Not necessarily. It sure hasn’t gained me any extra cash.
Wait. So I’ve been friends with you and you’re NOT rich? There’s no payoff? Nertz.
Payoff? Other than the occasional concert invitation? Nope, that’s it, bebe.
And in return, you get…uh…uhm…I have a really nice smile.
Not bad for a cartoon.
The terms “democracy” and “plutocracy” are simplistic caricatures Americans like to identify with because it relieves them of any real responsibility for any actual knowledge of their system of government, (constitutional republic), how it works, (liberal representative democracy), and how it enables plutocracy, (through libertarian free-market capitalism), among other things. If Americans are truly opposed to plutocracy, they will need to fashion a system of government very different from what they have now.
OK. Now you’re showing off. Actually, I’d argue that we’re more of an oligarchy. But I wouldn’t argue a lot.
Plutocracy…power enabled by wealth….oligarchy…power enabled by traditional class…not really so different. The combination of the two…plutarchy…not really a word yet but easier to pronounce than corporatocracy …not really a word yet either….might be an acceptable compromise. Both would fit into my definition of “among other things.”
We could start the ball rolling and make corporatocracy a word, right here. Just a thought.
LEFTOVER!!! Welcome back! I always learn something new from you.
Oh YES he’s back!
Sorry, Forbes, but I seriously do not believe that you really know or have worked with many of the “one-percenters” you talk about.
You said that “the dreaded “one-percenters” simply worked harder than everyone else to develop their talents and deserve their take.”

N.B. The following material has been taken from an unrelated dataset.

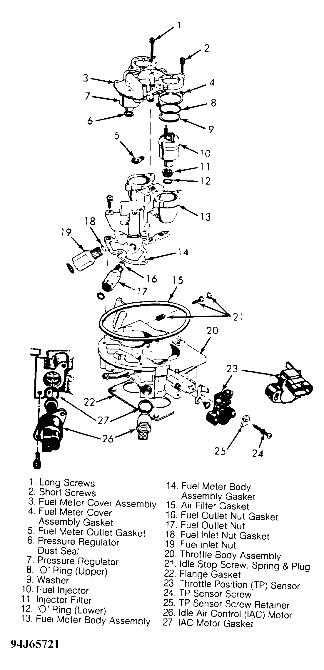 Home >> GMC >> 1994 >> Forward Control 7.4 N >> Repair and Diagnosis (Single Page) >> Engine Performance >> Remove, Overhaul & Install >> Engine Controls - Remove/Install/Overhaul >> Fuel System (Gasoline) >> Throttle Body (TBI) >> Disassembly (Fuel Meter Assembly Model 295)

Some do, yes. But not many. Jonas Salk (polio vaccine)n did have, but he was concerned about health. Tim Berners-Lee (you know, the guy who invented the world wide web protocols and the like) could have taken a huge cut, but didn’t. Some performers, sports players do, too. As go some people who actually create things, like Picasso, like Bill Gates, like many music and sports performers.
But is somebody going to tell us with a straight face that those in charge of Citigroup, Merrill Lynch, Lehman Brothers, Goldman Sachs, Countrywide Mortgage, JP Morgan Chase, AIG, Enron, (etc., etc.) were really interested in the welfare of children?
Nope, sorry. They are intent on having their PR firms and lobbyists working to maximize their personal wealth.